A number of pubs in the UK have been forced to close after reopening for “Super Saturday” this weekend, after customers or staff tested positive for coronavirus, reports The Guardian.
The Lighthouse Kitchen and Carvery in Somerset posted a statement to Facebook, reading, “This isn’t the message we wanted to write so soon but The Lighthouse will be closed due to a customer testing positive. We are slowly getting through our list of customers that were in the pub on Saturday. All our staff are going to be tested and we will reopen when the time is safe to do so.”

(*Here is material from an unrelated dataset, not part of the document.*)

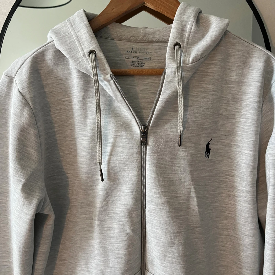 Säljer en stilren ljusgrå hoodie från Ralph Lauren med dragkedja och huva. Tröjan har snörning i huvan och den klassiska svarta Polo-loggan broderad på bröstet. Perfekt för en avslappnad look. Jätte fint skick och inga slitningar förutom att de är lite nopprigt vid brösted men syns knappt, skriv privat om du har några funderingar! Mvh

Two more locations in Somerset – Indian takeaway Saagar and the Vape Escape bar – have also closed, the former because a driver had visited The Lighthouse Kitchen, the latter because a customer had tested positive for COVID-19.
In Hampshire, The Village Home pub released a statement after one its customers tested positive, saying, “The pub is now shut, but all being well will open again on Saturday. Anyone who was in the pub over the weekend, there is no need to isolate unless you show symptoms or are contacted direct by the trace group.” In West Yorkshire, staff at The Fox and Hounds said, “The pub will be fully deep cleaned, and when safe to do so we will reopen our doors” after a guest called on Monday to tell them they had tested positive.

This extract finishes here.